AI agents invoke effect_tremolo to trigger actions in AudacityMCP. What it does depends on the arguments the agent supplies, and its effects often reach beyond the immediate call — builds kicked off, notifications sent, workflows started.
Based on the server context of controlling Audacity for audio processing and the naming convention of sibling tools (effect_* prefix suggests applying audio effects), this tool likely applies a tremolo audio effect to audio in Audacity. This constitutes executing an audio processing operation that modifies the audio data in place, similar to other audio effects. However, the empty description lowers confidence.
From the tool's definition Tool name 'effect_tremolo' on an audio editing server (AudacityMCP) that controls Audacity for real-time audio editing. Description is empty.
Documented attack patterns abuse exactly the kind of access effect_tremolo gives an agent:
PolicyLayer is an MCP gateway — it sits between your AI agents and AudacityMCP, and nothing reaches the server without passing your rules. This is the rule we recommend for effect_tremolo:
{
"version": "1",
"default": "deny",
"tools": {
"effect_tremolo": {
"limits": [
{
"counter": "effect_tremolo_rate",
"window": "minute",
"max": 10,
"scope": "grant"
}
]
}
}
} effect_tremolo stays usable, but rate-capped — a runaway agent can't fire it dozens of times a minute. Everything else on the server is denied unless you say otherwise.
Free to start. No card required.
effect_tremolo. It is categorised as a Execute tool in the AudacityMCP MCP Server, which means it can trigger actions or run processes. Use rate limits and argument validation.
Register the Audacity MCP server in PolicyLayer and add a rule for effect_tremolo: allow, deny, rate-limit, or require approval. Point your MCP client at the PolicyLayer proxy URL and the rule is enforced on every call, before it reaches AudacityMCP. Nothing to install.
effect_tremolo is a Execute tool with high risk. Execute tools should be rate-limited and have argument validation enabled.
Yes. Add a rate_limit block to the effect_tremolo rule in your PolicyLayer policy. For example, setting max: 10 and window: 60 limits the tool to 10 calls per minute. Rate limits are tracked per agent session and reset automatically.

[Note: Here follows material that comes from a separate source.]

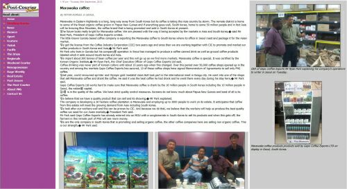 파푸아뉴기니 대표 일간지인 ‘포스트 쿠리어’(Post Courier)는 국내에서 파푸아뉴기니 커피를 공급하고 있는 (주)게포커피에 관한 기사를 전면에 걸쳐 대대적으로 보도했다. 이 신문의 편집국장인 Peter Korugl-Kumugl씨는 (주)게포커피본사가 있는 경기도 하남시를 방문 박상철 대표와 가진 인터뷰와 커피매장 등을 상세히 전달했다.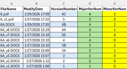 An example of how the eDOCS Major and Minor versions (column C) would be translated to SharePoint automatically by Morae tools. The column in green represents the SharePoint Major versions, and the column highlighted in yellow represents the minor versions in SharePoint.

Set action: deny in the PolicyLayer policy for effect_tremolo. The AI agent will receive a policy violation error and cannot call the tool. You can also include a reason field to explain why the tool is blocked.
effect_tremolo is provided by the Audacity MCP server (xdarkzx/audacity-mcp). PolicyLayer sits as a proxy in front of this server to enforce policies before tool calls reach the server.
Deterministic rules across all 131 AudacityMCP tools. Per-identity grants. Full audit log. Live in minutes. Nothing to install.
Free to start. No card required.
131 AudacityMCP tools catalogued and risk-classified — across an index of 42,500+ MCP servers.